LinUCB is the standard linear contextual bandit algorithm. It fits a linear model mapping context features to expected reward for each arm, with UCB-style exploration bonuses based on prediction uncertainty. For non-linear reward functions, neural contextual bandits replace the linear model with a neural network while preserving the UCB exploration structure:

import numpy as np

class LinUCB:
    def __init__(self, n_arms: int, n_features: int, alpha: float = 1.0):
        self.alpha = alpha
        self.A = [np.eye(n_features) for _ in range(n_arms)]       # feature covariance
        self.b = [np.zeros(n_features) for _ in range(n_arms)]     # reward accumulator

    def select_arm(self, context: np.ndarray) -> int:
        ucb_scores = []
        for i in range(len(self.A)):
            A_inv = np.linalg.inv(self.A[i])
            theta = A_inv @ self.b[i]                               # estimated coefficients
            uncertainty = self.alpha * np.sqrt(context @ A_inv @ context)
            ucb_scores.append(theta @ context + uncertainty)
        return int(np.argmax(ucb_scores))

    def update(self, arm: int, context: np.ndarray, reward: float):
        self.A[arm] += np.outer(context, context)
        self.b[arm] += reward * context

# Usage
linucb = LinUCB(n_arms=3, n_features=10, alpha=0.5)
context = extract_user_features(user)  # shape: (10,)
arm = linucb.select_arm(context)
reward = get_reward(arm, user)
linucb.update(arm, context, reward)

Bandits vs A/B Testing: When to Use Each

Bandits and A/B tests answer different questions and suit different situations.

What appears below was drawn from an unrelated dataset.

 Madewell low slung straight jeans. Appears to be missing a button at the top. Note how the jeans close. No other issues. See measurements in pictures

A/B tests are the right tool when statistical rigour is paramount — when you need a p-value or confidence interval you can defend to stakeholders, when the decision has long-term consequences that justify waiting for a clean result, or when the experiment will run for a fixed duration regardless. The fixed-horizon design of A/B tests has well-understood statistical properties and is less susceptible to peeking problems (inflated false positive rates from stopping early when results look good).

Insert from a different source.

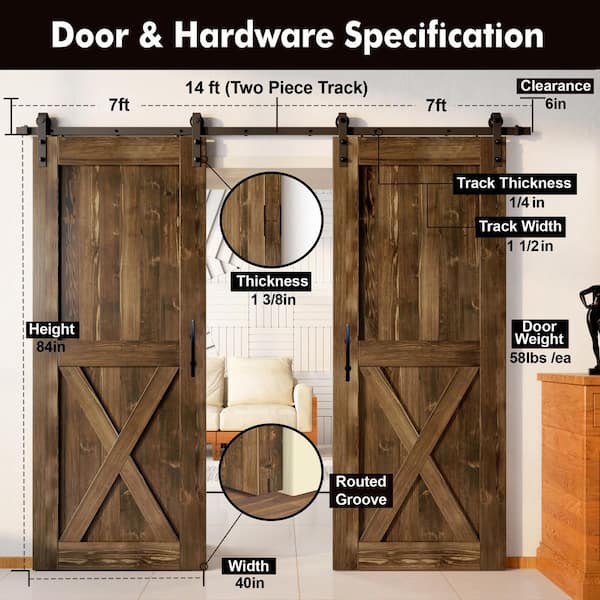 40 in. x 84 in. X-Frame Walnut Double Pine Wood Interior Sliding Barn Door with Hardware Kit, Non-Bypass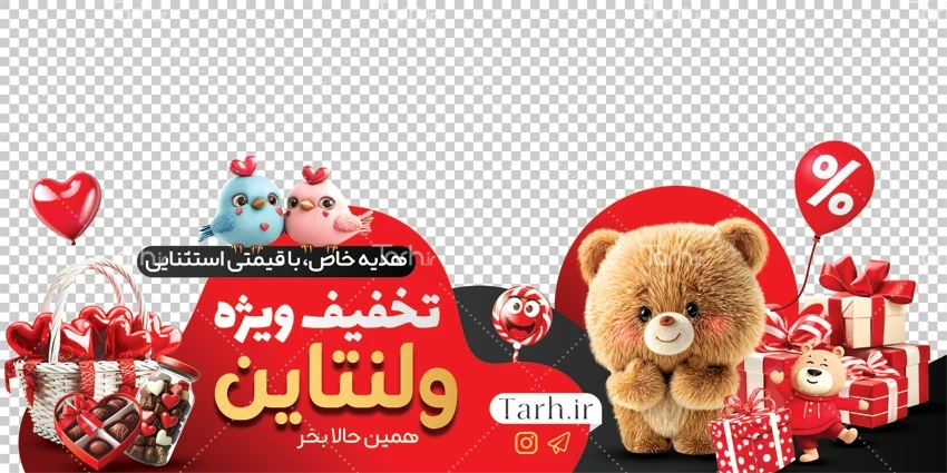 طرح لایه باز استیکر تخفیف روز عشق با عکس عروسک خرس کد فایل 8791260

Bandits are the right tool when minimising the cost of exploration matters more than statistical elegance — high-traffic settings where assigning users to inferior variants carries real business cost, short-lived experiments where the winner will be deployed quickly regardless, and continuous optimisation settings where there is no natural stopping point. The tradeoff is that bandit algorithms are harder to analyse post-hoc for statistical significance, and their adaptive nature makes it harder to compute valid confidence intervals on the final estimates (the traffic allocation is correlated with the reward history, which violates standard frequentist assumptions).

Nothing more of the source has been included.